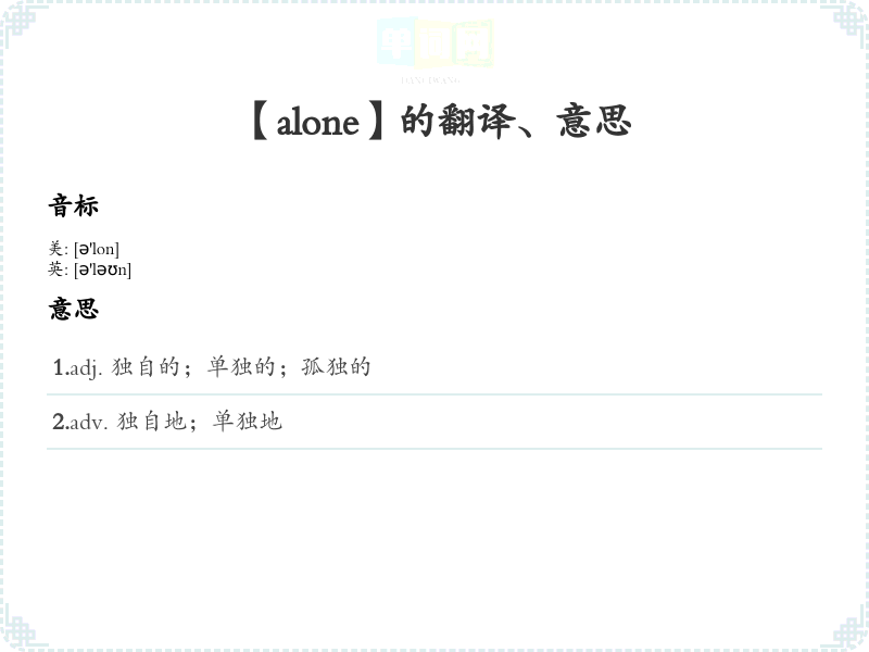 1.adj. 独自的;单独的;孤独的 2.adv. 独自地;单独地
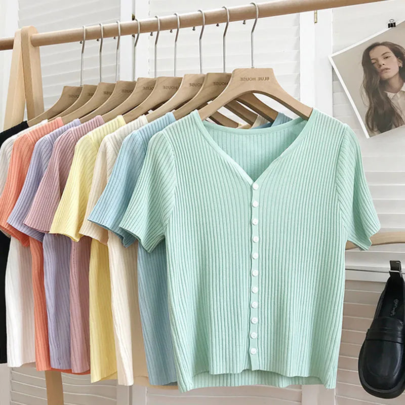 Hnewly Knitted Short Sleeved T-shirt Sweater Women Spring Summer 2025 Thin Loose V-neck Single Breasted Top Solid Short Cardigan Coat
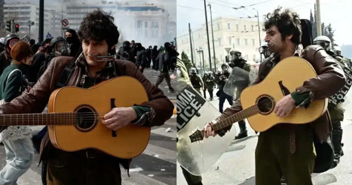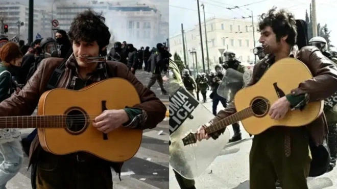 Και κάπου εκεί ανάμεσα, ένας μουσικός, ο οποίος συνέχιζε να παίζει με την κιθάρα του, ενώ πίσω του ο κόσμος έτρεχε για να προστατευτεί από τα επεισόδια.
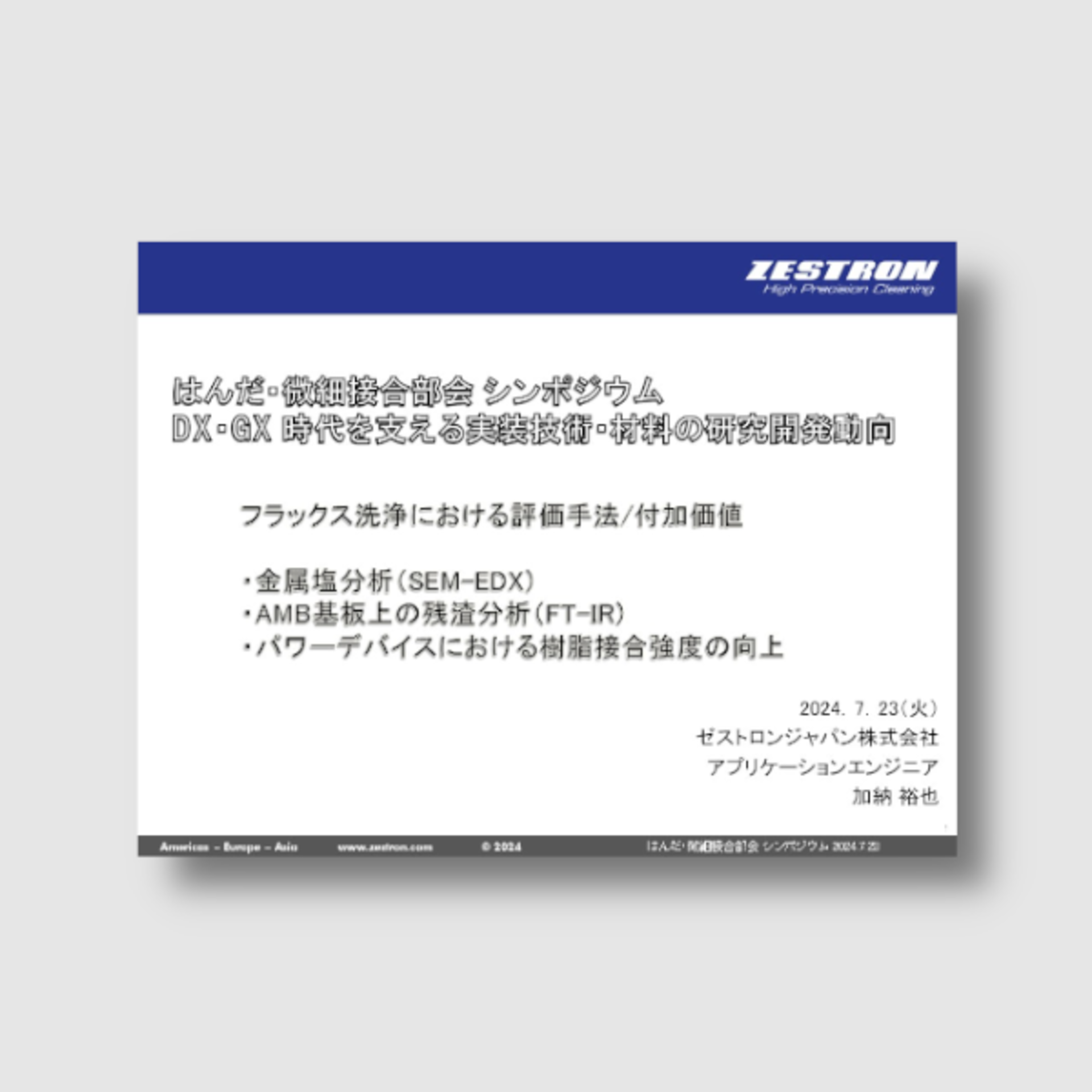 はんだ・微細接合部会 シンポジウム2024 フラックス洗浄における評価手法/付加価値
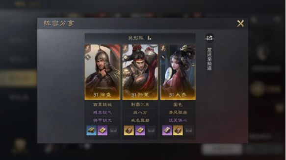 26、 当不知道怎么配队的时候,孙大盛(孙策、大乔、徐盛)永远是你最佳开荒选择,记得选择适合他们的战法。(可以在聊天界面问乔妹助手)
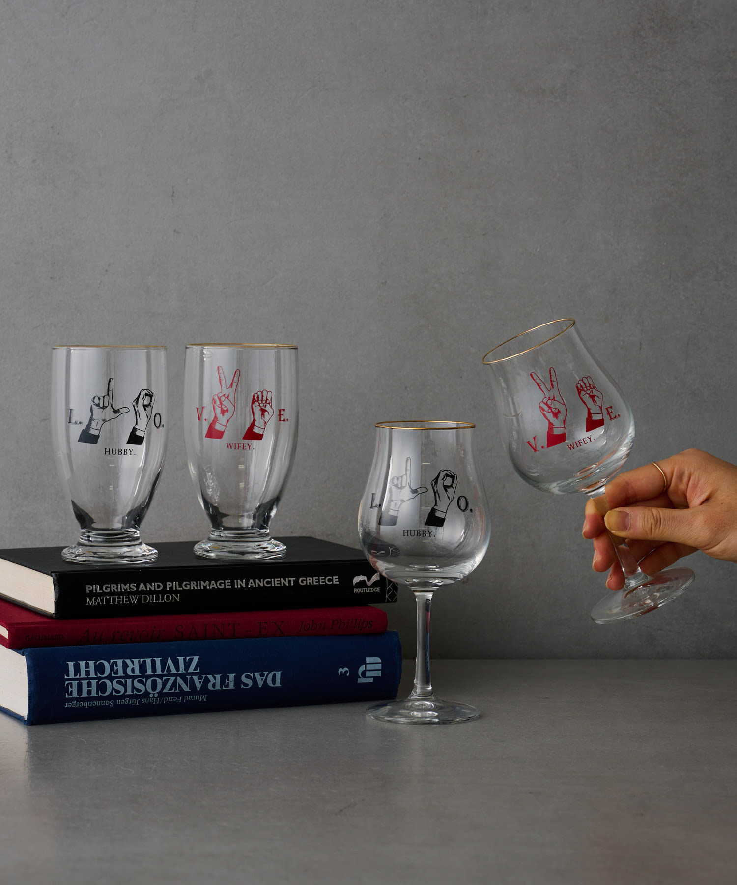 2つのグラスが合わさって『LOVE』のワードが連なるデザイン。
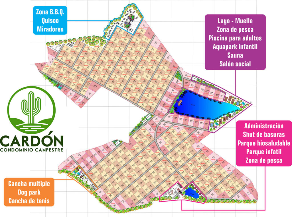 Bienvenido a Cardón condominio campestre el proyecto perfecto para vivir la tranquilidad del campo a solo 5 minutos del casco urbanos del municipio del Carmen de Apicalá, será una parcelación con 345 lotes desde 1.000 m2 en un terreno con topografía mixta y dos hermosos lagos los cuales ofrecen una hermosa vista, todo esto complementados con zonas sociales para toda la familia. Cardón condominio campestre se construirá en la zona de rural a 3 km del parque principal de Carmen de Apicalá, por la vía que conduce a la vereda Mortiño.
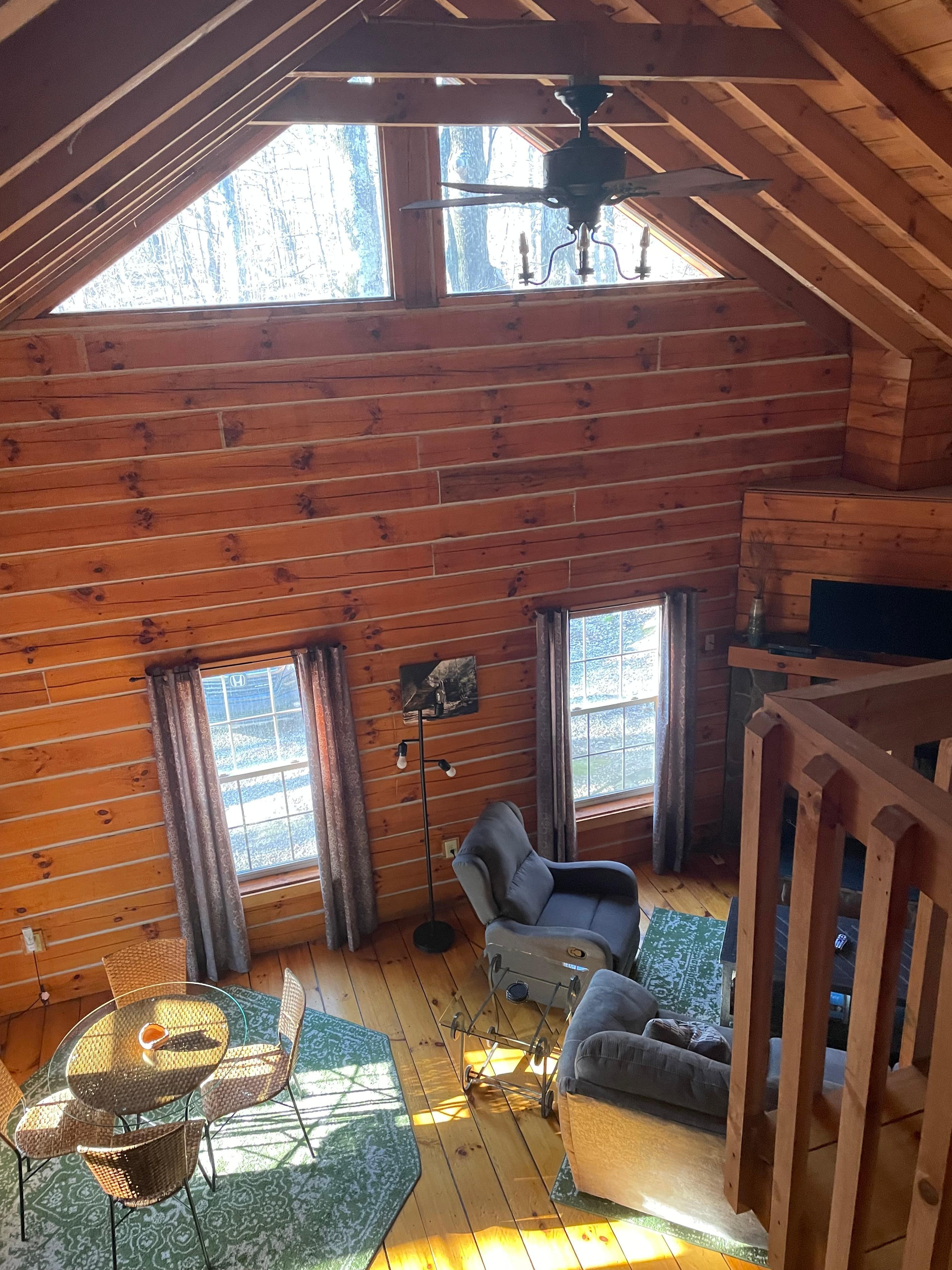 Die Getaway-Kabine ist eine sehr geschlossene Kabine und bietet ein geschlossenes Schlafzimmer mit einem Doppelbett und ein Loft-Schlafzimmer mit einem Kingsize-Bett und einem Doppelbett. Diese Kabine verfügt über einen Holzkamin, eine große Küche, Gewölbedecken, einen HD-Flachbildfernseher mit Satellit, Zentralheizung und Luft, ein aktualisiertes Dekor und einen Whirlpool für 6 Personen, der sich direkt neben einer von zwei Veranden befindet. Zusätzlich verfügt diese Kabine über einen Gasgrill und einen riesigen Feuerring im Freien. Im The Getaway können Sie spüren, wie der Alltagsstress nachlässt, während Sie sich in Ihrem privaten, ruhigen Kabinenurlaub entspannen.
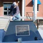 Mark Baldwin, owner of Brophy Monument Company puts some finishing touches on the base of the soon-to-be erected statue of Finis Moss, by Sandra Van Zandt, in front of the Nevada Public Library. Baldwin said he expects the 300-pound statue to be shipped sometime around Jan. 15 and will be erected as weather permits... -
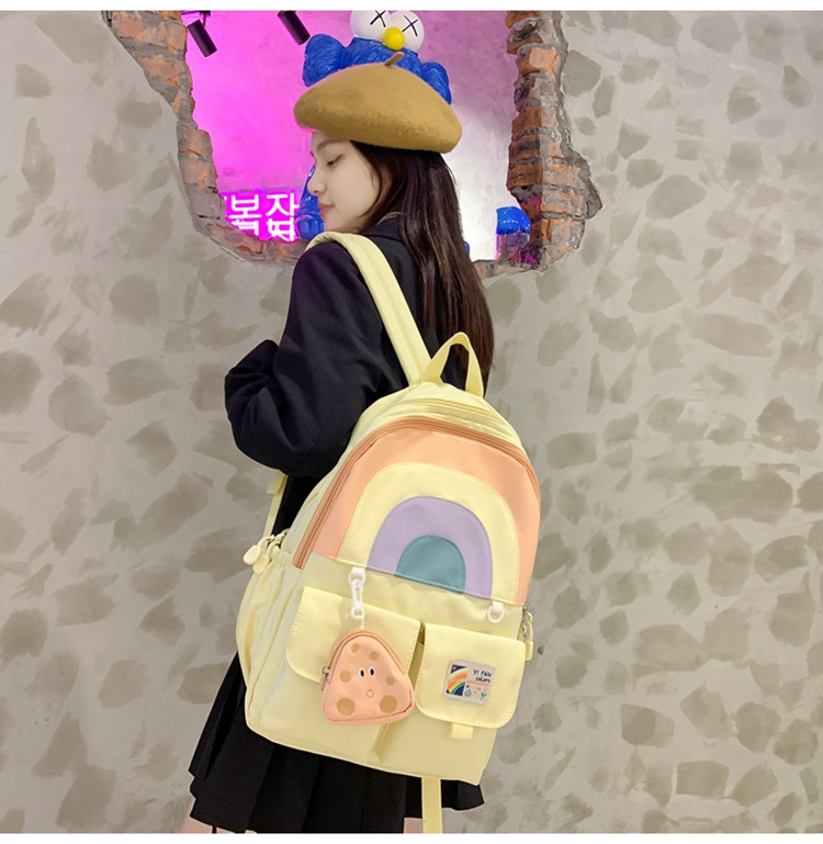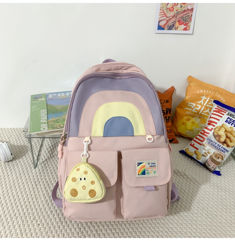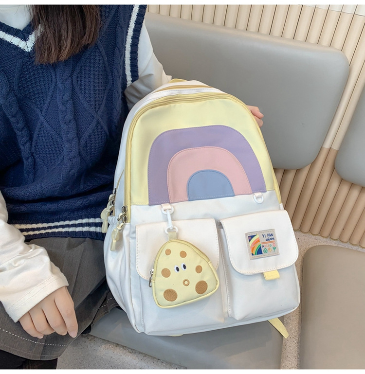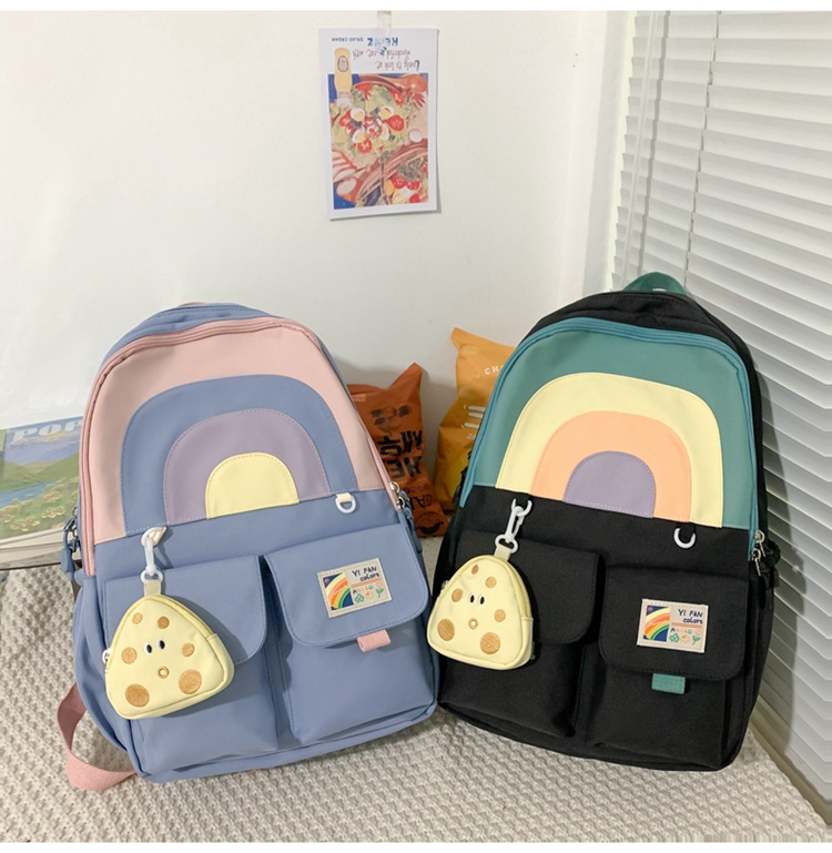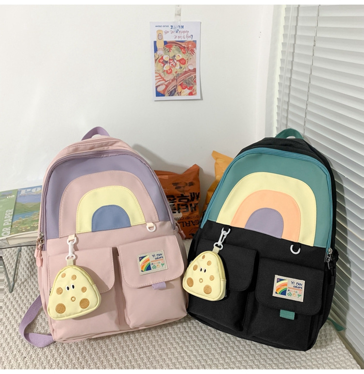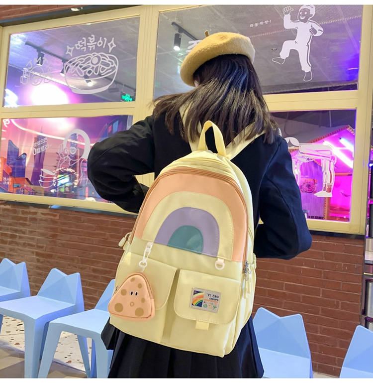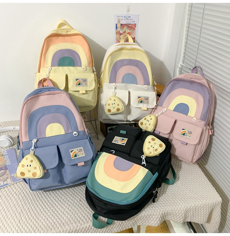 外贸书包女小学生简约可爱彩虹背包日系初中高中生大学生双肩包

ACTION ITEM: What to print is the stretch of entries from the line with "Και κάπου εκεί" up to and including the line with "2つのグラスが合わさって『LOVE』のワードが連なるデザイン。". Please print it exactly and leave out the pictures.

RESULT OF THIS TASK:
 Και κάπου εκεί ανάμεσα, ένας μουσικός, ο οποίος συνέχιζε να παίζει με την κιθάρα του, ενώ πίσω του ο κόσμος έτρεχε για να προστατευτεί από τα επεισόδια.
 はんだ・微細接合部会 シンポジウム2024 フラックス洗浄における評価手法/付加価値
 26、 当不知道怎么配队的时候,孙大盛(孙策、大乔、徐盛)永远是你最佳开荒选择,记得选择适合他们的战法。(可以在聊天界面问乔妹助手)
 2つのグラスが合わさって『LOVE』のワードが連なるデザイン。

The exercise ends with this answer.